A Pew Research Center analysis found that 79 countries and territories out of the 198 studied around the world (40 percent) had laws or policies in 2019 banning blasphemy, defined as speech or actions considered to be contemptuous of a god or of people or objects considered sacred. Twenty-two countries (11 percent) had laws against apostasy (abandoning one’s religion).
In March 2023 the Spectator wrote:
‘No religion ought to be given the power to constrain political discourse or behaviour in order to protect its adherents from being scandalised, and no government should help it by silencing its critics. If a Wakefield resident was to burn the Quran publicly in protest at the pretensions of the fundamentalists (something, incidentally, that can now cause you to be arrested on serious public order charges by police increasingly desperate not to appear anti-Islamic, as happened some years ago), we should fight to protect his right to free speech in the same way as we would if he had been a secularist or left-winger who had burnt a Bible or an American flag’ (tinyurl.com/bdebukkd).
Theory at odds with reality?
Earlier in 2023 an American Tennessee pastor live-streamed a book-burning event urging his flock to throw their Harry Potter and Twilight copies into a bonfire. Because why? Because, he said, ‘IT’S WITCHCRAFT 100 PERCENT! All your Twilight books and movies. That mess is full of spells, demonism, shape-shifting and occultism. Stop allowing demonic influences into your home’. Does he know it’s 2023 not 1933? Or perhaps he thinks it’s 1633.
Whatever the literary merits, or otherwise, of J K Rowling’s works – Harry Potter has sold over 500 million copies since 1997– in an example that modern heresy will still get you burned at the stake, metaphorically, Rowling’s defence of biological women has seen her banned from events celebrating her own books and films. The three main actors whose careers were kickstarted in the Potter film series have been vocal in condemning her.
Not much support for Voltaire’s ‘I don’t agree with what you say but I will defend with my life your right to say it’ there. Nothing is free under capitalism but free speech increasingly comes at a price.
‘Who controls the past controls the future; who controls the present controls the past’. In George Orwell’s 1984 the protagonist Winston Smith is employed in the Ministry of Truth’s Records Department. Here he altered historical newspapers and photographs to concur with whatever the Party line was at the time. The removal of ‘unpersons’ was often carried out in this manner in the Soviet Union.

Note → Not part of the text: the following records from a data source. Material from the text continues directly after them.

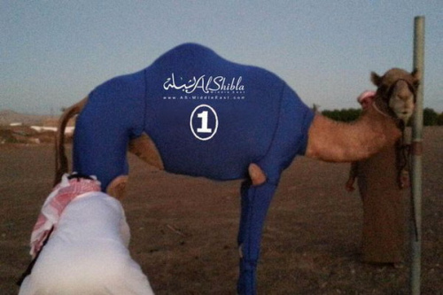 中东商家为骆驼穿莱卡外套,称可助其跑更快。(网页截图)
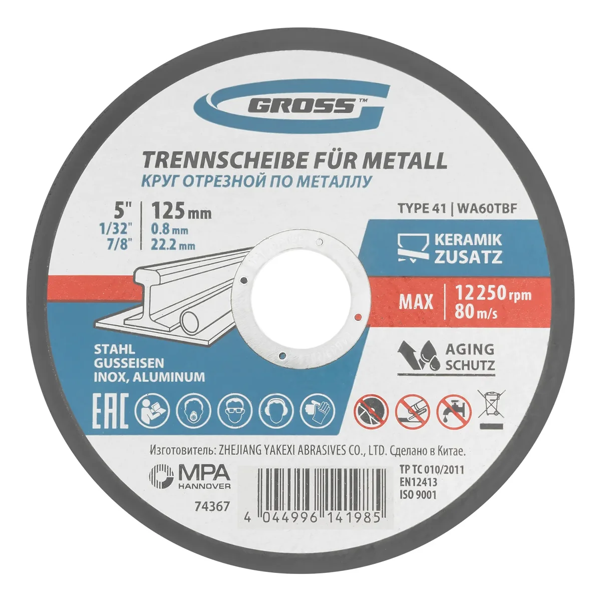 Отрезной круг по металлу Gross WA60TBF 74367 диаметром 125 мм и толщиной 0,8 мм устанавливается на фланец углошлифовальной машины с посадочным размером 22,2 мм. Рассчитан на интенсивный сухой рез углеродистых и нержавеющих легированных сталей, алюминия, чугуна. Рекомендованная максимальная частота вращения составляет 12250 об/мин. Круг выдерживает высокие нагрузки, подходит для профессиональной эксплуатации с высокими нагрузками.
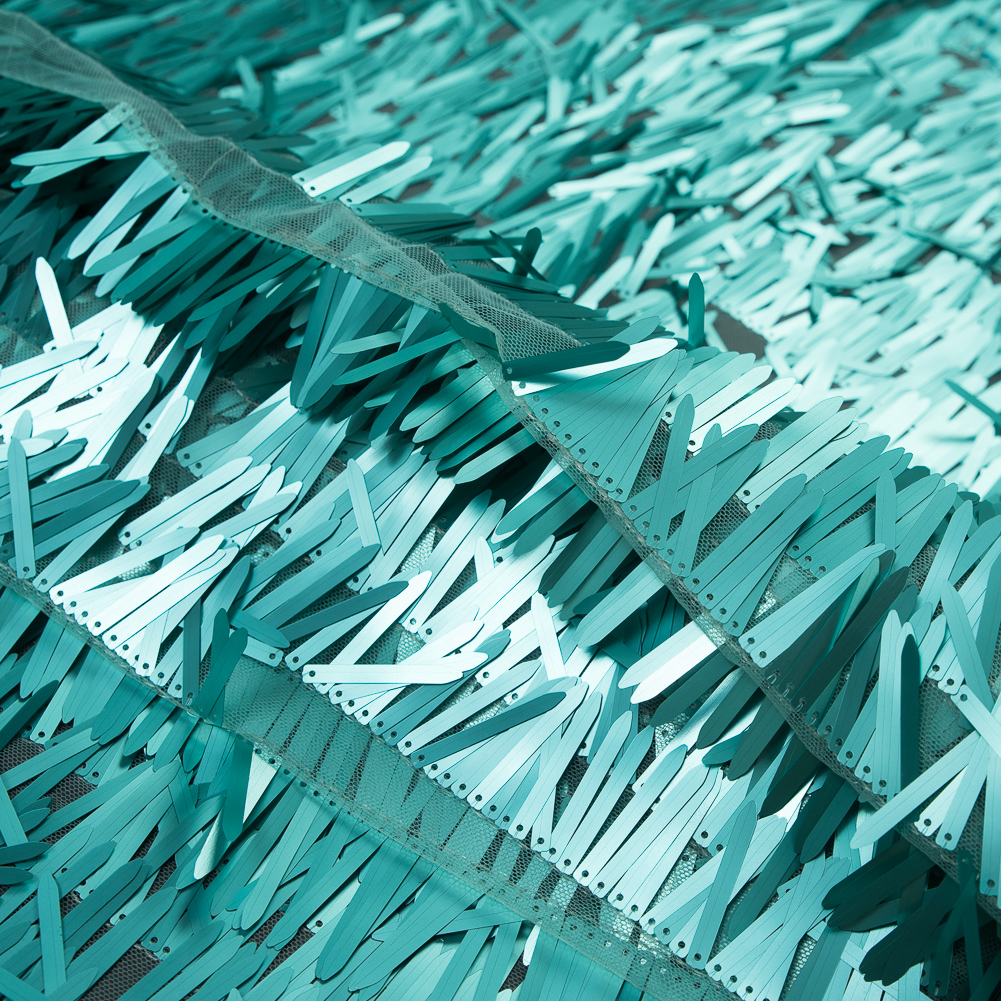 You'll be looking fresh in this Dull Mint Fringe Sequin Fabric. A soft tulle backing holds rows of luminous metallic sequin fringe ideal for a modern take on a classic look. Great for flapper dresses, costuming applications, statement jackets, and more! Given the transparent nature of the base fabric, a lining may be needed if additional structure or modesty are desired.
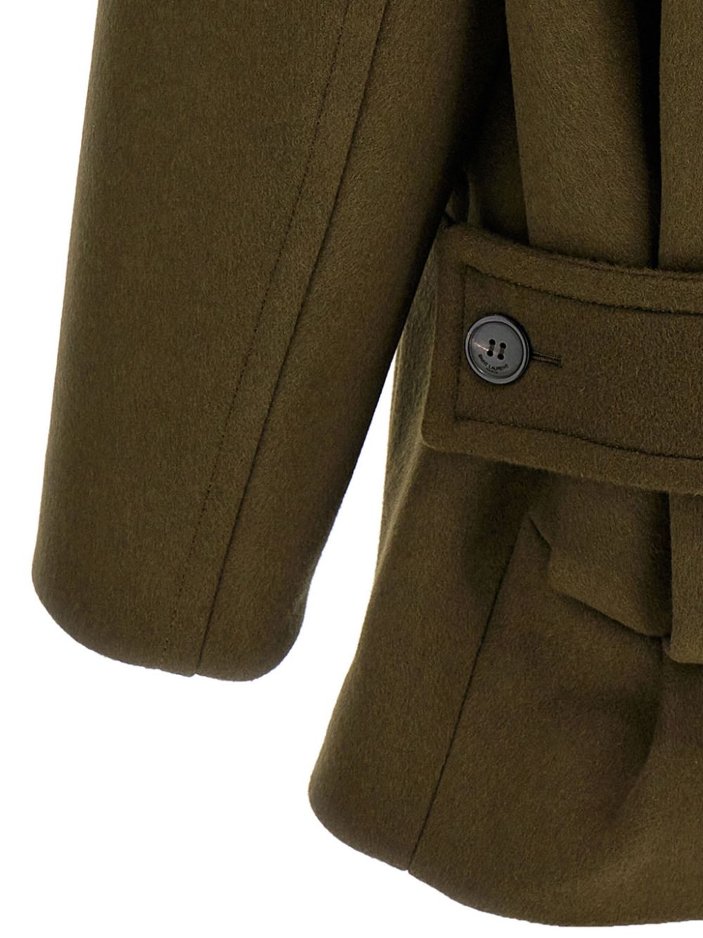 DESCRIPTION ::Single-breasted coat by SAINT LAURENT in olive green, front welt pockets, lapel collar and hidden front buttoning.
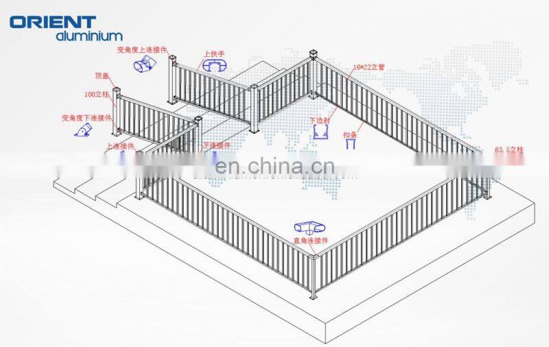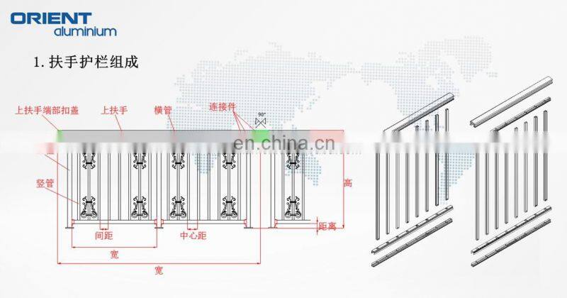 Outdoor Stair Aluminum Railings Handrails /Porch Railings and Posts/ Aluminium Handrail Fittings and Aluminium Handrail Profiles
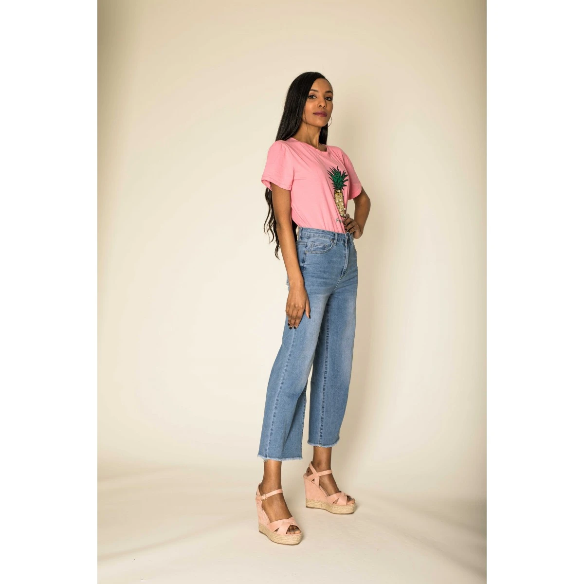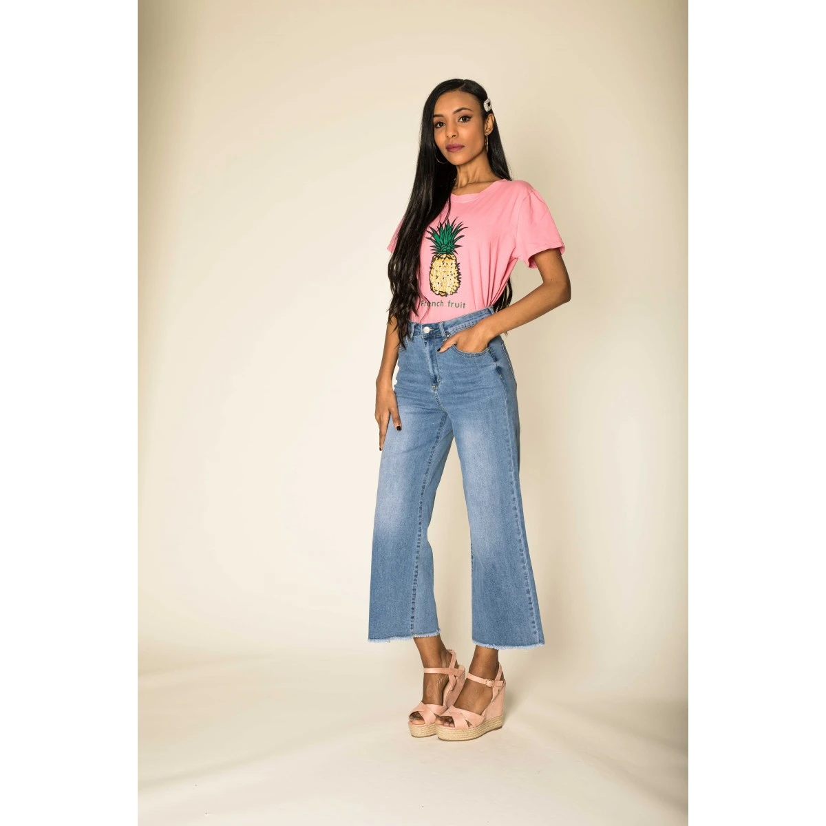 Jean CROPPED large femme Nina Carter, longueur au dessus de la cheville, bas légèrement effiloché, très mode. Taille haute, fermé par glissière et bouton. 2 poches plaquées au dos. Les 2% d’Elasthanne assurent un confort extrême, une aisance dans tous vos mouvements.
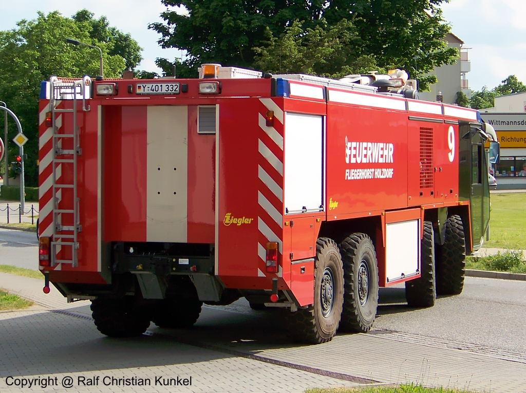 Schweres Feuerlöschkraftfahrzeug FlKfz (12.500) Ziegler Z8 (ALPAS-Kofferaufbau) der Fliegerhorstfeuerwehr Holzdorf (Bundeswehr) - Fahrgestell MAN SX 36.1000 VFAEG 8x8 - techn. Daten MAN-V12 mit 1000 PS, Vmax. 138 km/h, Renk 5-Gang-Automatikgetriebe mit Retarder, perm. Allradantrieb, zul. Gesamtgewicht 39.500 kg, L x B x H: 12.000 x 3.500 x 3.700 mm - mitgeführte Löschmittel: 12.500 l Wasser, 1.250 l Schaummittel - Löschtechnik: Pumpe Ziegler FP 80/10-1A, Pumpenmotor 6-Zylinder-Diesel mit 338 kW / 460 PS, Pumpenleistung 8000 l/min bei 10 bar sowie 10.000 l/min bei 8 bar - fotografiert am 14.06.2010 im Land Brandenburg - Copyright @ Ralf Christian Kunkel
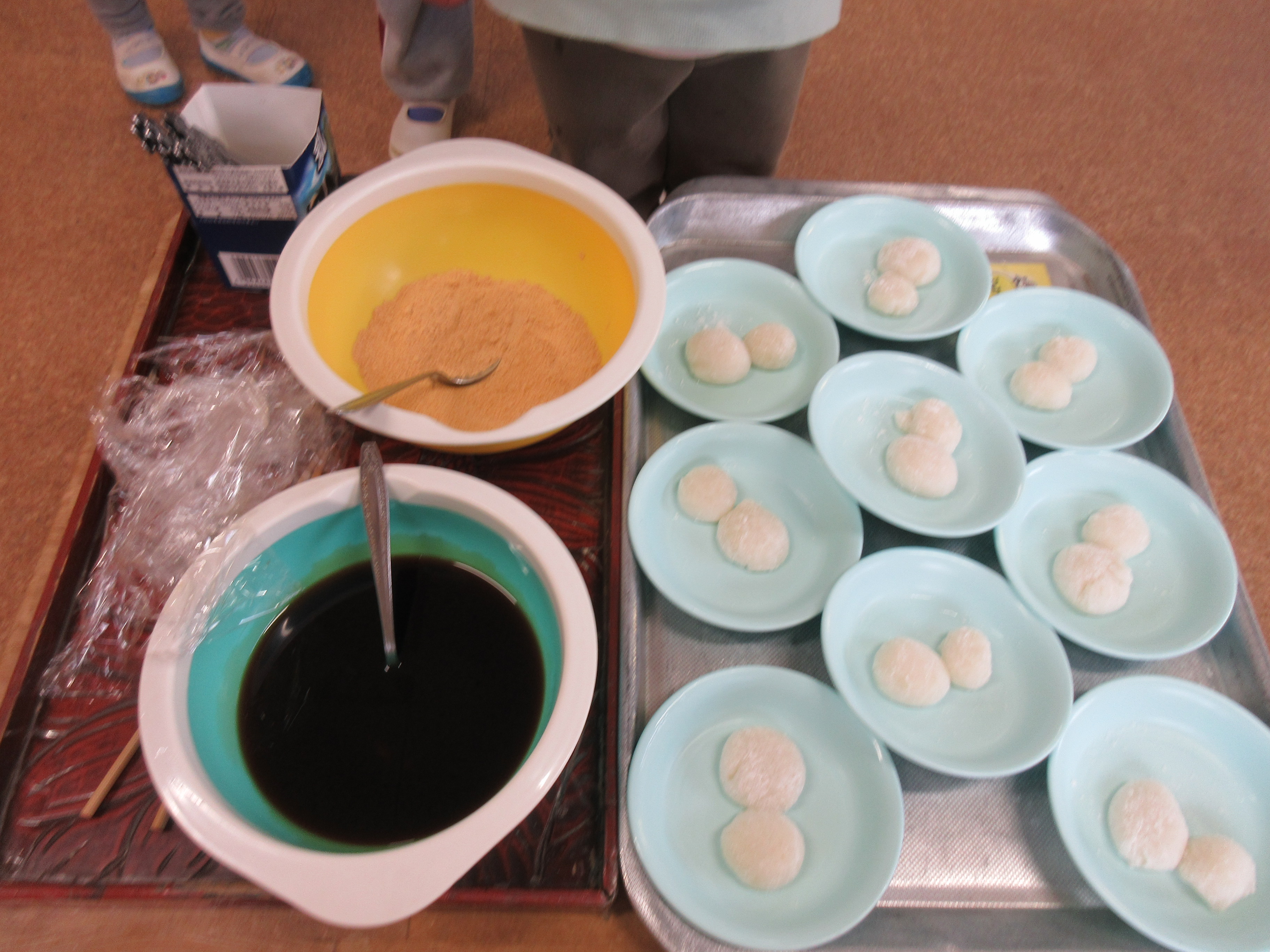 出来上がったおもちは醤油ときなこをかけて美味しく頂きました(^▽^)/
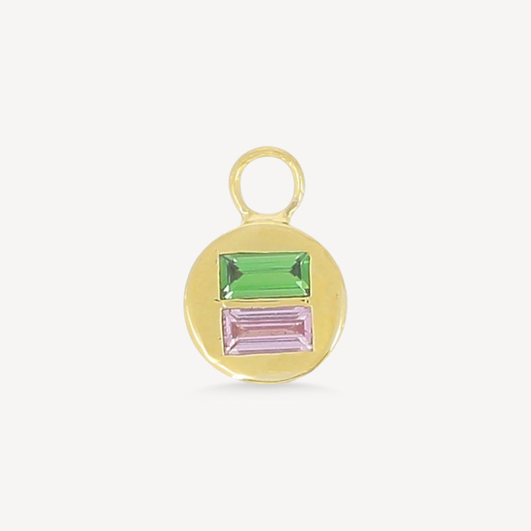 - Materials: Yellow gold, pink sapphire, Tsavorite
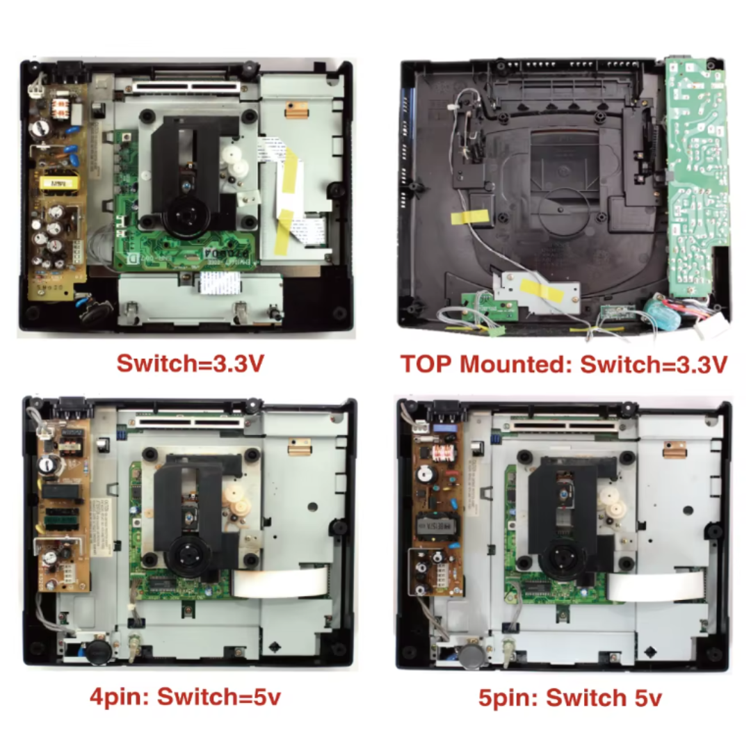 Die Installation ist unkompliziert und erfordert keine Änderungen an der Konsole. Der originale Einschaltknopf der SEGA Saturn wird weiterhin verwendet. Das Netzteil wird über ein externes 12V / 3A Netzteil betrieben (im Lieferumfang enthalten).

Following the collapse of the Soviet Union statues of Lenin were systematically removed from the state the Soviets had previously controlled. Understandable if you’ve been subject to repression for many years but the removal of literary figures seems churlish.
As part of its de-Russification, Ukraine has been removing monuments to Alexander Pushkin the Russian poet, playwright, and novelist, thought to be the greatest Russian poet and founder of modern Russian literature.
A few years back Iran was, allegedly, (the report comes from the American-supported Radio Free Europe/Radio Liberty) considering removing Persian astronomer, mathematician and poet Omar Khayyam from its education curriculum. Changes were because ‘Officials believe that in order to attract the younger generation they must increase the intensity of their religious and ideological propaganda in schools. They think that a large proportion of young people are turning away from religion and government ideology because of the weakness of propaganda in the education system and the mass media’. Shades of Goebbels?
When William Caxton introduced the printing press into England in 1476 he would have been unaware of the law of unintended consequences. Pity that so many are now experiencing them.